_Given entries_
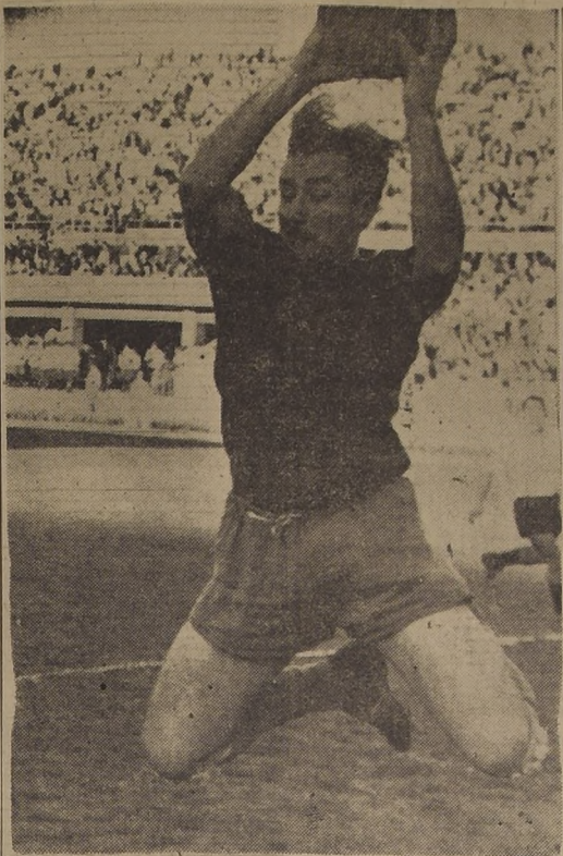
EL UNICO ARQUERO.—Sergio Livingstone, el popular "Sapo", fue el unico arquero de los llamados a la preseleccion que concu rrió a la práctica de ayer. Y se vio bastante bien.

¿VAMOS NO SEAS VAGABUNDO DE MAL AGUSTO? ES JUSTO QUE ME ASCENDAN A SE CRETARIO DEL GERENTE DESPUES DE CUATRO AÑOS DE ESPERANZA. ¿GOSTA PERSONA PESO NO HAY JUSTICIA QUE VALGA SI NO CONSULTAS AL DEN TISTA-SOBRE TU ALIENTO, LOS JEFES SIEMPRE MIRAN ESE MALAJE. ELLA CONSULTO AL DENTISTA DEBA BUBIAR UNA DE LAS POSIBLES CAUSAS DEL MAL ALIENTO, CEPILARSE LOS DIENTES TRES VECES AL DIA CON CREMA DENTIFRICA COLGATE. GRACIAS DOCTOR! DESDE HOY SEGUIRE SU CONSEJO. ¿DESPUES DE LAVARSE LOS DIENTES, DISUELVEN EN SU BOCA UN POCO DE LA MISMA CREMA DENTIFRICA CON LA SOPRO DE AGUA Y SI HAY BUCHOS, LUEGO ENJUAGUENSE NOTARA ASI SU BOCA REALMENTE LIMPIA Y FRESCA. QUE MARAVILLA! LA ESPUMA ACTIVA Y PENETRANTE DE CREMA DENTIFRICA COLGATE SE INTRODUCE ENTRE DIENTE Y DIENTE CON LA AYUDA DEL CEPILLO EMPANANDO A FONDO, ELIMINA ASI UNA DE LAS CAUSAS DEL MAL ALIENTO. CREMA DENTIFRICA COLGATE MANTIENE EL ALIENTO PURO, PERMUTANDO Y MISTIENDO DIENTES BLANCOS Y BRILLANTES! USE HOY MISMO CREMA DENTIFRICA COLGATE RECURRENTE. Crema Dentifrica Colgate perfume «aliento limpio» embellece sus dientes! LA FELICITACION SE DORA DESDE EL PROXIMO MES EN LA SECRETARIA DEL GERENTE.
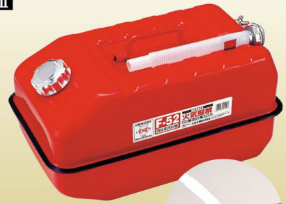
F-52 20 リットル
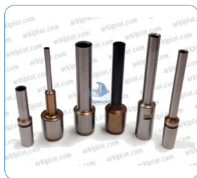
Brocas de 3 a 8mm
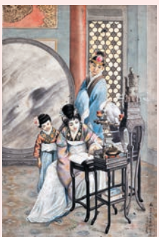
關蕙農《仕女圖2》 市場估價：HK$480,000

在人物形象刻畫上，臉部、肌膚及衣紋，達到柔美、豐腴與亂真的效果，並具有「甜、糯、嗲、嫩」之特色，開了廣告畫之先河，成為商業廣告畫法的主流，深受大眾喜愛，被公認為香港的「月份牌大王」。
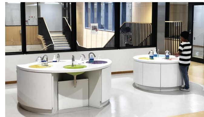
▲手洗いはセンサー式を採用、蛇口や洗面台に接触せず水を流すことができる。
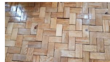
踏むといい音がする杉ブロックでできた床
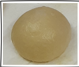
Die perfekte Kugel :)
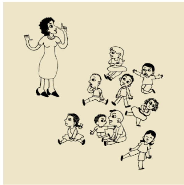
Figura 2- Observar de fora, vigiar o grupo.
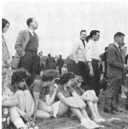
Blev der mål?

Finalekampen stod for damernes vedkommende mellem Kolding og Philips fra København som repræsentant for KFIU, og efter at den første nervøsitet
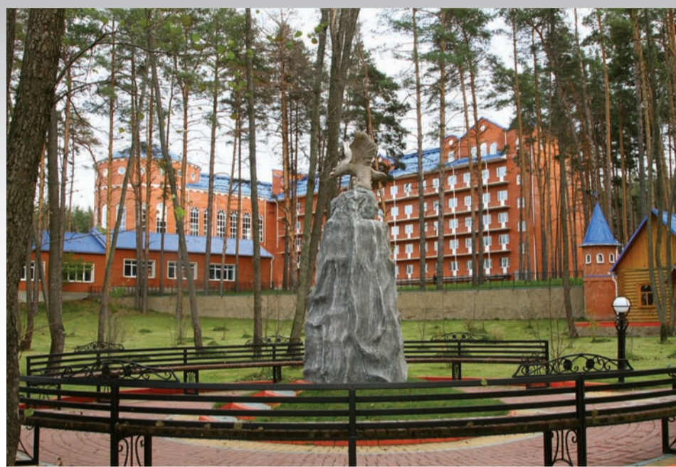
Зачем ехать на море, если рядом Титовка? Это лечебно-профилактический комплекс, теннисные корты, туристические домики, пляж, очаровательные природные уголки

Факультет активно развивает международные связи: на протяжении многих лет мы сотрудничаем с ведущими вузами Украины, Беларуси,
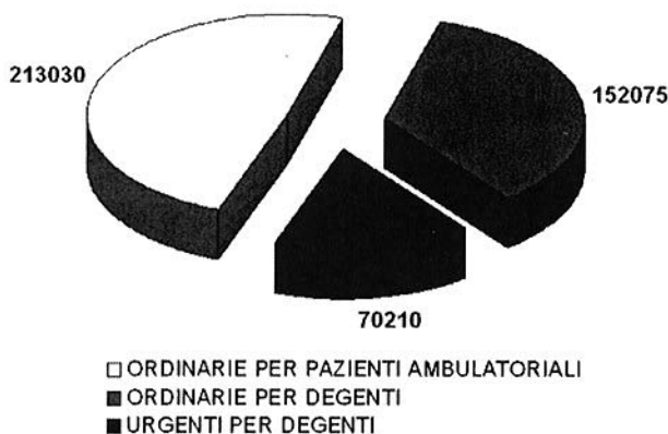
Figura I Stima delle analisi, suddivise per tipo, che saranno richieste al Laboratorio dell'Ospedale Del Ponte in un anno

L'attuale organizzazione del Laboratorio permette di eseguire in modo soddisfacente un numero di analisi ordinarie pari a quello atteso; invece non consente di evadere con la necessaria rapidità l'atteso numero di richieste di analisi urgenti. La vigente organizzazione dei Servizi di Laboratorio degli Ospedali di Varese prevede che, quando il Laboratorio dell'Ospedale Del Ponte non è attivo (giorni festivi e fasce orarie serale e
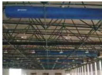
سقف غیر کاذب
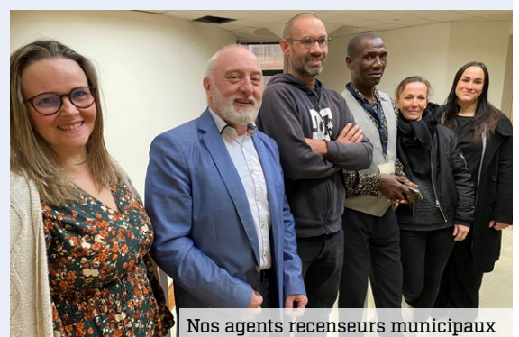
Nos agents recenseurs municipaux

Le recensement a lieu tous les ans à Élancourt, et cette année, il se tiendra du 16 janvier au 22 février 2025. Chaque année, un échantillon différent de la population est recensé ; si vous faites partie de la liste établie par l'INSEE pour 2025, une lettre sera déposée dans votre boîte aux lettres début janvier. Puis, un agent recenseur, recruté par la commune, vous fournira une notice d'information soit dans votre boîte aux lettres soit en mains propres. Suivez les instructions qui y sont indiquées pour vous faire recenser. Se faire recenser en ligne est plus simple et plus rapide, mais si vous le souhaitez, des questionnaires papier pourront vous être remis par l'agent recenseur. C'est simple et utile ! En effet, les résultats du recensement permettent à notre ville de disposer des ressources financières nécessaires à son fonctionnement et d'identifier les besoins en matière d'équipements, de commerces, de logements... Plus d'infos : le-recensement-et-moi.fr
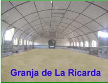
Granja de La Ricarda

Presentada la diada de Sant Jordi de l'any 2003
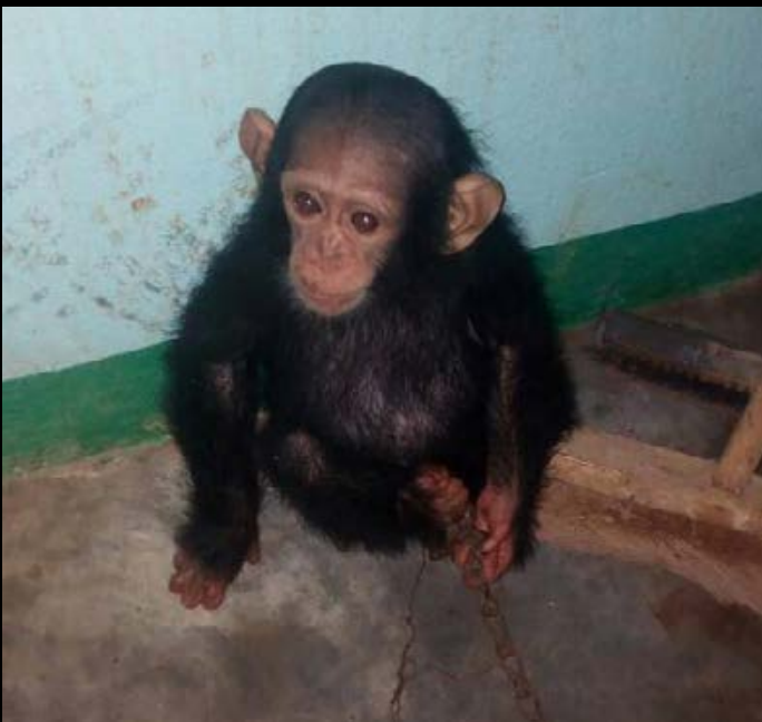
Un bébé chimpanzé a été sauvé et le trafiquant de singes, arrêté au Cameroun
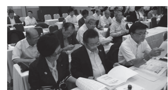
今後も読みやすい広報誌の作成に努力します

■10月31日(木) 道内行政調査(浦幌町) 8月26日、根室管内別海町議会の産業建設常任委員ら7名が来町し、別海町での養殖漁業振興の参考とするため、佐呂間漁業協同組合を訪れ、サロマ湖におけるカキやホタテの養殖について学ぶとともに、ホタテの加工施設を視察されました。
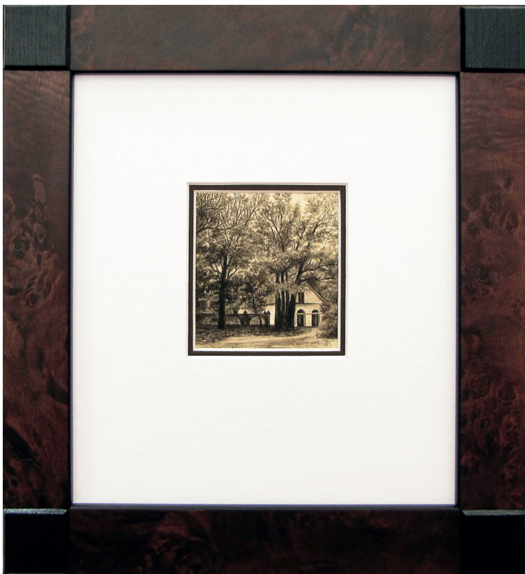
Fragment stajni, park w Natolinie, 2012r.
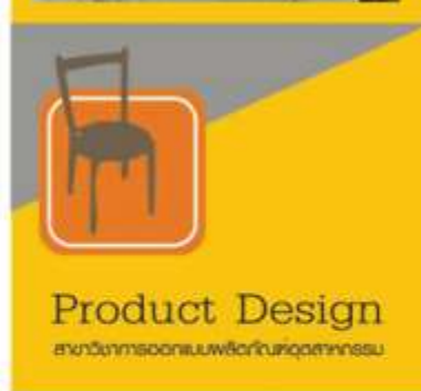
Product Design สาขาวิชาการออกแบบเฟอร์นิเจอร์อุตสาหกรรม นายกวินท์ อิศระวาณิชย์
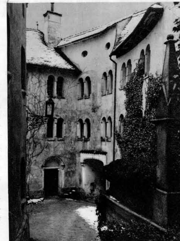
Motiv iz grajske notranjščine
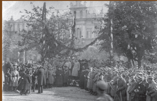
Święto Zjednoczenia Armii Polskiej. Józef Piłsudski i gen. Józef Haller, 1919 r. ▲
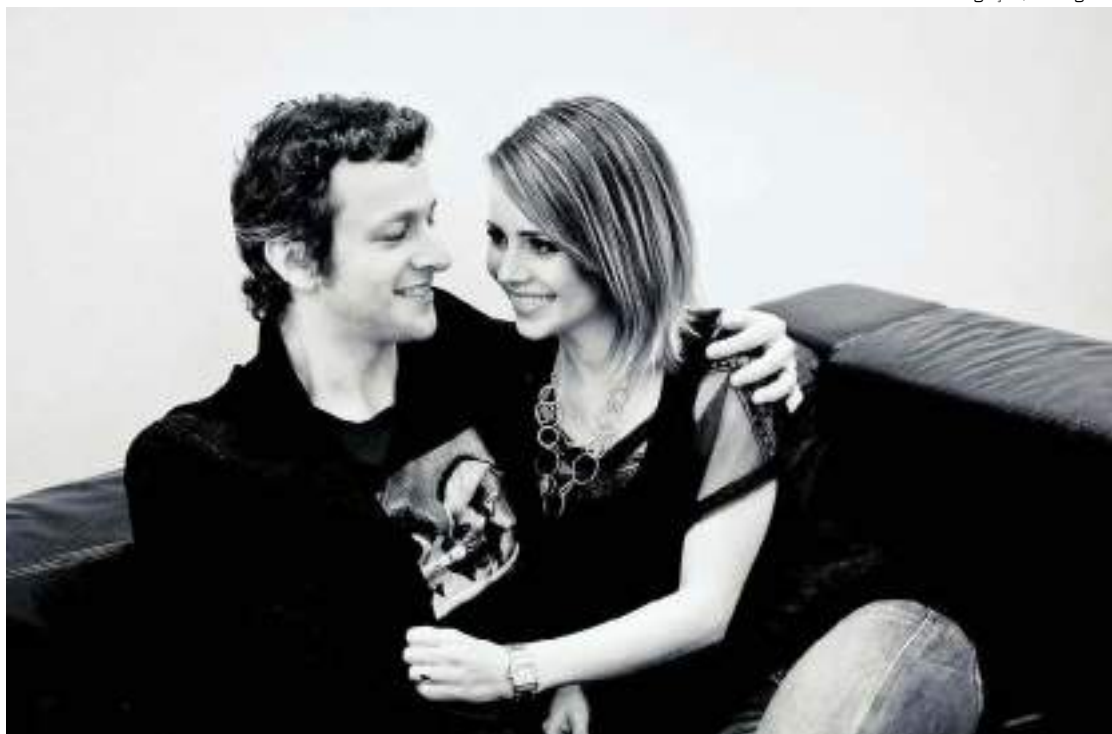
Lucas Lima e Sandy anunciam separação
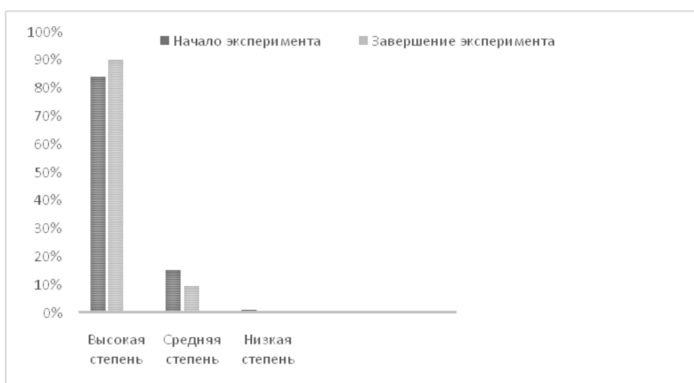
Рис. 3. Динамика показателя удовлетворенности педагогов организацией и результатами воспитательной деятельности

Результаты, полученные в ходе опросов педагогических работников, демонстрируют их мотивацию на повышение качества собственной воспитательной деятельности, желание сделать ее более результативной. Педагоги (классные руководители) на начальном этапе выше всех остальных категорий респондентов указали на высокую степень удовлетворенности воспитательной деятельностью. Это связано, в первую очередь, с ощущением высокой отдачи от проделанной работы, чувством сопричастности к общему делу, профессиональной самореализацией.

_What the task requires_
Keep only the lines of the listing that contain the word "dell", and copy them.

_Task answer_
Figura I Stima delle analisi, suddivise per tipo, che saranno richieste al Laboratorio dell'Ospedale Del Ponte in un anno
L'attuale organizzazione del Laboratorio permette di eseguire in modo soddisfacente un numero di analisi ordinarie pari a quello atteso; invece non consente di evadere con la necessaria rapidità l'atteso numero di richieste di analisi urgenti. La vigente organizzazione dei Servizi di Laboratorio degli Ospedali di Varese prevede che, quando il Laboratorio dell'Ospedale Del Ponte non è attivo (giorni festivi e fasce orarie serale e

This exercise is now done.